Continued success in combating HIV infection globally relies on discovery of novel therapeutic strategies against previously untargeted avenues of the HIV lifecycle. Current treatment options for HIV-1 infection primarily target the activities of viral enzymes reverse transcriptase, integrase and protease. Although this is a great strategy to specifically inhibit the HIV, viral genetic diversity due to high viral replication rates and reverse transcriptase mutation rates, means that there is a greater risk of developing drug resistant viruses. In contrast, novel therapeutic strategies that exploit specific host-virus interactions without perturbing normal cellular processes, would be more effective at preventing viral drug resistance across various HIV subtypes. The requirement of HIV-1 for the host cellular splicing machinery for efficient expression of viral proteins provides many opportunities for identifying novel therapeutic targets. In fact, recent studies by Campos et al (2015) has validated this approach (73). The authors showed that treatment of infected PBMCs with ABX464, a small molecule that interacts with the cellular cap binding complex (CBC) and specifically prevents Rev-mediated RNA export, was able to sustainably suppress viral load without selecting for resistance mutations (73). More importantly, studies revealed a dramatic rebound of viral load within a week in HIV-infected humanized mouse models after cessation of HAART treatment, while only a slight rebound was observed by 52 days after cessation of ABX464 treatment alone (73). These findings suggest that targeting cellular components required for efficient HIV replication is a promising strategy that can complement existing anti-viral treatments.

Since HIV-1 requires strict regulation and processing of its RNA for efficient replication and expression of viral proteins, our lab focused on perturbing this stage of the viral lifecycle using small molecules. From a screen of compounds shown to modulate splicing of an SMN2 mini- gene reporter (collaboration with Peter Stoilov), we identified four compounds that potently inhibited HIV-1 gene expression. Although the four compounds are structurally very dissimilar, each compound inhibited HIV-1 p24 Gag expression by 80-90% relative to DMSO-treated cells (Figure 3.1). In addition, these four compounds are very different from previously characterized HIV-1 inhibitors, digoxin (72), 8-azaguanine, and 5350150 – herein referred to as 8-Aza and 150, respectively. Digoxin, a cardiatonic steroid, inhibited HIV-1 by perturbing viral RNA splicing in two ways.

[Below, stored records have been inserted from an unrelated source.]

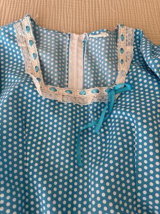 Traje de chulapa azul con estampado de lunares blancos. Talla 2-3 años. Medidas en las fotos. El bajo está deshilachado, por eso lo regalo.
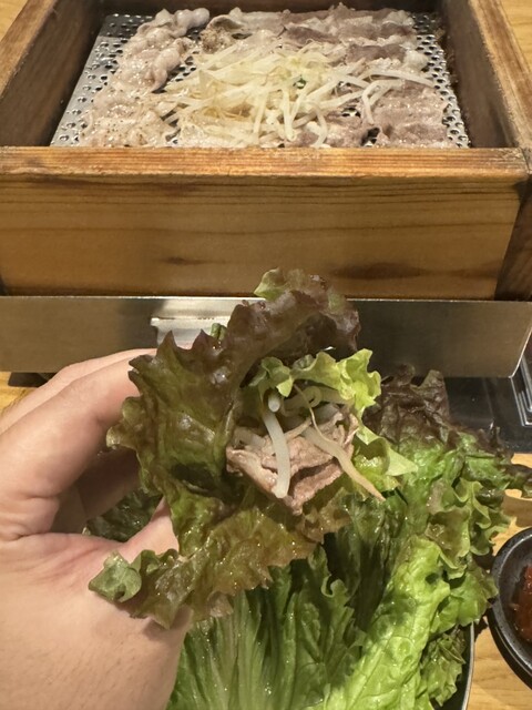 牛と豚の薄切りバラ肉をせいろで蒸した2種類のサムギョプサルが食べ放題のお店!!
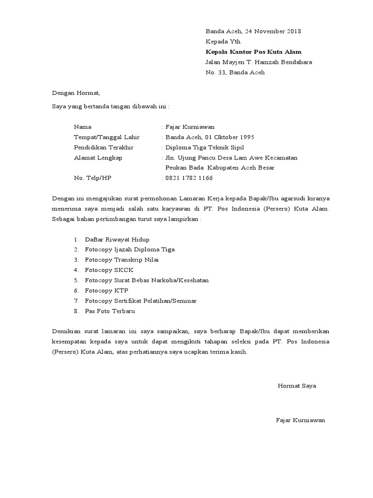 Contoh surat lamaran kerja pt pos indonesia. Contoh surat lamaran kerja pada artikel ini kita akan membahas contoh surat lamaran pekerjaan yang dapat kamu dapatkan beserta file doc nya. Contoh surat lamaran kerja pos indonesia have a graphic associated with the othercontoh surat lamaran kerja pos indonesia it also will include a picture of a kind that could be observed in the gallery of contoh surat lamaran kerja pos indonesia. Contoh surat lamaran kerja pt pos indonesia format resmi 2020 postingan kali ini kami ingin share contoh surat lamaran kerja pt pos indonesia. Contoh surat lamaran kerja di perusahaan seringkali dicari oleh para pencari kerja yang ingin mengajukan lamaran pekerjaan di perusahaan perusahaan yang ada di indonesia. Postingan ini jawaban jika anda mencari surat lamaran kerja skl yang pas dan mudah didownloadedit dengan microsoft word. Di tahun 2016 ini pos berperan sangat penting dalam membantu masyarakat indonesia pada umumnya sebab dengan kemudahan.
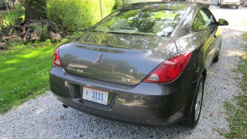 For sale is a super nice 2006 Pontiac G6 GT with only 59,000 miles! It is dark charcoal metallic outside and the interior has white leather seats with black trim. It has the 3.5 Liter V-6 engine with an automatic overdrive transmission. The car runs drives 100% and the transmission shifts as it should. The body is very straight with only a few minor chips and scratches as expected with an 8 year old car. It is equipped with the factory chrome wheels that have no scrapes or curb rash. The tires are great with approximately 75% tread remaining. The interior is very nice with no rips or tears in the leather seats, and the plastic trim all great with the exception of chip of plastic on the passenger door trim panel(pictured). The engine runs smooth and there is nothing dripping or leaking when parked. These G6's were very popular and have a reputation for being very reliable aside from being very fun to drive. I am a small used car dealer located in Northeast Ohio, about 10 minutes east of Akron and about 40 minutes south of Cleveland, Ohio. If you are the winning bidder you must pay a $200 non-refundable deposit through Paypal or send a USPS money order overnite. If you live out of state, you will pay taxes in your state of residence, and a $25 title fee. If you are an Ohio resident and the winning bidder, the bid price along with sales tax and a $25 title fee will be due upon delivery of the vehicle. There are no hidden fees or doc fees here; I don't believe in them(it is just another way for dealers to make money). If you are shipping the car, SHIPPING IS THE SOLE RESPONSIBILITY OF THE BUYER, although I will assist the shipper of your choice in any way I can. Please do NOT bid unless you are financially ready to purchase the car. DON'T WASTE MY TIME AND YOURS BY BIDDING ON SOMETHING YOU ARE NOT BUYING ANYWAY!!!! Bid with confidence, as this is a very nice car, and I have 100% feedback, and have sold cars all over the country. I do not ship to Canada or overseas. Good Luck Bidding! Any questions call my cell at (330) 221-7760. Thanks. Tim. My zip code is 44260.

First, digoxin selectively decreased the levels of Rev1/2 mRNA by 73% relative to the levels of mRev1/2 RNA observed with DMSO treatment, thereby dramatically

80

decreasing the levels of Rev present in the cytoplasm (72). Secondly, digoxin resulted in oversplicing of HIV-1 RNAs, such that HIV-1 MS RNA abundance was greatly increased and incompletely spliced RNA abundance was decreased (72). In this way, digoxin perturbs the balance of HIV-1 RNAs and thus viral gene expression. The loss of both Rev protein and incompletely spliced viral mRNAs severely impairs the export of viral genomic RNA and the production of viral structural proteins. 8-Aza and 150, on the other hand, inhibited HIV-1 gene expression by perturbing Rev-mediated viral RNA transport without affecting Rev expression directly (71). Since 191, 791, 833, and 892 are structural dissimilar from digoxin, 8-Aza and 150, there may be multiple ways to perturb HIV-1 replication via small molecule intervention. Indeed, this appears to be the case, as the four compounds presented here inhibit HIV-1 gene expression in a manner that results in the depletion of both Rev and Tat, in contrast to the previously characterized HIV-1 RNA processing inhibitors.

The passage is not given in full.